Instructions for the task: Begin at the line containing "Women's Knit Shawl" in the data below and go on through the line containing "曼德诗黑色短款牛仔外套女2025秋季新款修身工装个性显瘦百搭夹克", repeating each line exactly; include both ends and no other line.

Input records:
================================

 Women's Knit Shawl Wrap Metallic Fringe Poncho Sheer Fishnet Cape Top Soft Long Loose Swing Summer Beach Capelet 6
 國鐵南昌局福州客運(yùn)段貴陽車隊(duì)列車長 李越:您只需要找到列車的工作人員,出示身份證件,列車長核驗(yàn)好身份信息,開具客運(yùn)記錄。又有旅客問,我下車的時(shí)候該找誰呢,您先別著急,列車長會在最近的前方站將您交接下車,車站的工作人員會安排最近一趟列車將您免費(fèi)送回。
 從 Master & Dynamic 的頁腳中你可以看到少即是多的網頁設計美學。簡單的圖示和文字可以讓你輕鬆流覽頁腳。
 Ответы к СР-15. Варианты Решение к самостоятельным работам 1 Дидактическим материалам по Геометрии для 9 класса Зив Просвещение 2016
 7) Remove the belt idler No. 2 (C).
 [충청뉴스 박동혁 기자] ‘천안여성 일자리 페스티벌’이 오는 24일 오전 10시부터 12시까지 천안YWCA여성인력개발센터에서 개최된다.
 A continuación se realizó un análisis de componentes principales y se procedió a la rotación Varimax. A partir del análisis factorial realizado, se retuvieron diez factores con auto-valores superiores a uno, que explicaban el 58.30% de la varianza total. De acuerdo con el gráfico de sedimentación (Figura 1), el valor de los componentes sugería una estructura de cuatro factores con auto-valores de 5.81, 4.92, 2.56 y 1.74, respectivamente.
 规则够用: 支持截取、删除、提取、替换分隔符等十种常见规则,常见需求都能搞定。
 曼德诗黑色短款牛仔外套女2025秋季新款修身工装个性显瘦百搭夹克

================================

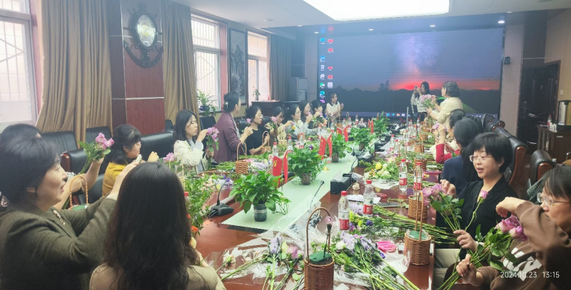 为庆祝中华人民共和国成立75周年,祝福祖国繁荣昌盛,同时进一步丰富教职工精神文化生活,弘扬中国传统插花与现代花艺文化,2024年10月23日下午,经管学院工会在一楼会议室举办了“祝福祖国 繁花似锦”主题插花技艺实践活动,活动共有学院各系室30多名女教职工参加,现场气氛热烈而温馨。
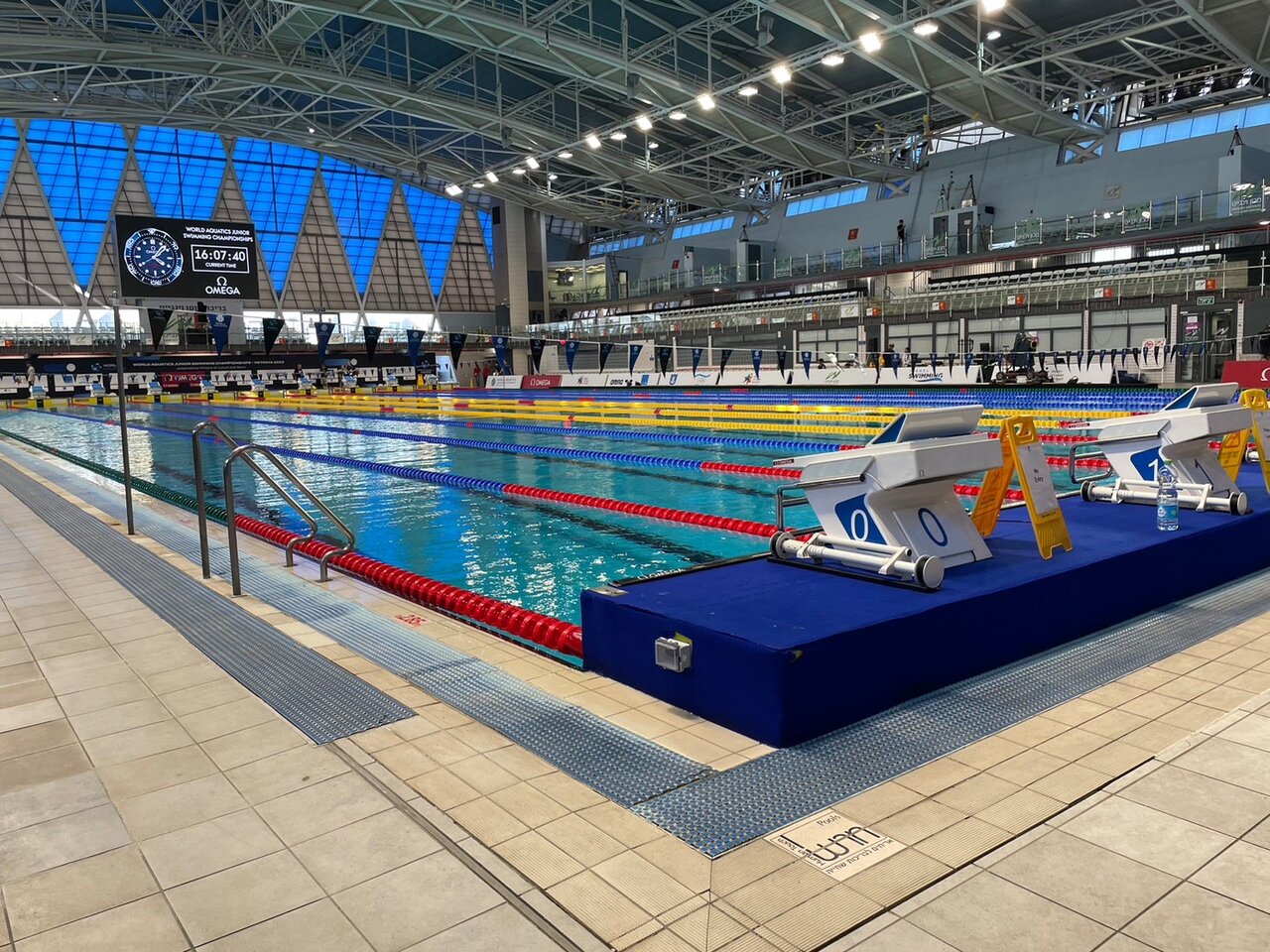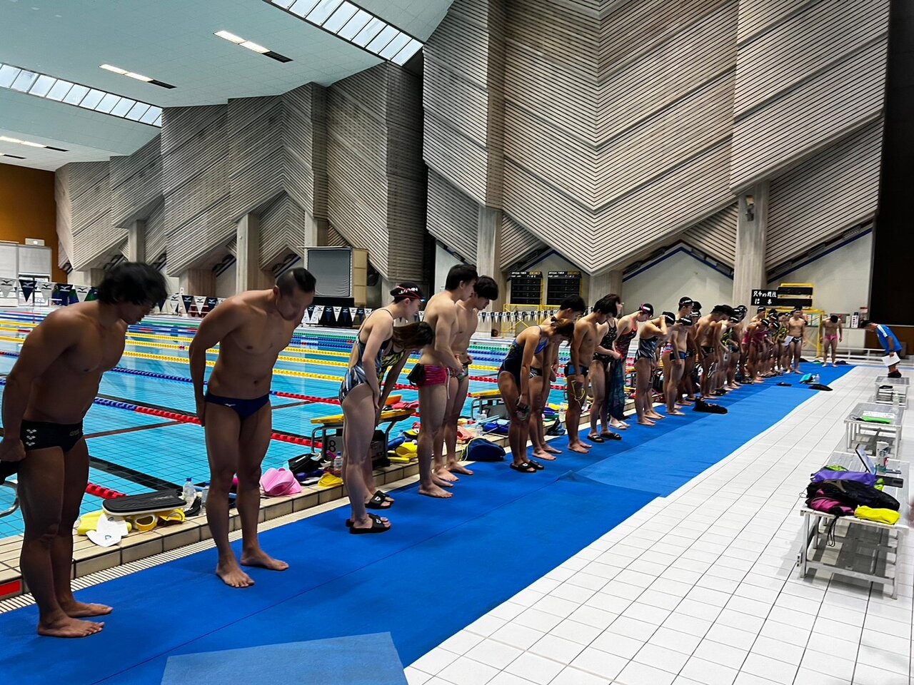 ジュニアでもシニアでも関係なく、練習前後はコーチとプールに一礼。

================================

Solution to this task:
 Women's Knit Shawl Wrap Metallic Fringe Poncho Sheer Fishnet Cape Top Soft Long Loose Swing Summer Beach Capelet 6
 國鐵南昌局福州客運(yùn)段貴陽車隊(duì)列車長 李越:您只需要找到列車的工作人員,出示身份證件,列車長核驗(yàn)好身份信息,開具客運(yùn)記錄。又有旅客問,我下車的時(shí)候該找誰呢,您先別著急,列車長會在最近的前方站將您交接下車,車站的工作人員會安排最近一趟列車將您免費(fèi)送回。
 從 Master & Dynamic 的頁腳中你可以看到少即是多的網頁設計美學。簡單的圖示和文字可以讓你輕鬆流覽頁腳。
 Ответы к СР-15. Варианты Решение к самостоятельным работам 1 Дидактическим материалам по Геометрии для 9 класса Зив Просвещение 2016
 7) Remove the belt idler No. 2 (C).
 [충청뉴스 박동혁 기자] ‘천안여성 일자리 페스티벌’이 오는 24일 오전 10시부터 12시까지 천안YWCA여성인력개발센터에서 개최된다.
 A continuación se realizó un análisis de componentes principales y se procedió a la rotación Varimax. A partir del análisis factorial realizado, se retuvieron diez factores con auto-valores superiores a uno, que explicaban el 58.30% de la varianza total. De acuerdo con el gráfico de sedimentación (Figura 1), el valor de los componentes sugería una estructura de cuatro factores con auto-valores de 5.81, 4.92, 2.56 y 1.74, respectivamente.
 规则够用: 支持截取、删除、提取、替换分隔符等十种常见规则,常见需求都能搞定。
 曼德诗黑色短款牛仔外套女2025秋季新款修身工装个性显瘦百搭夹克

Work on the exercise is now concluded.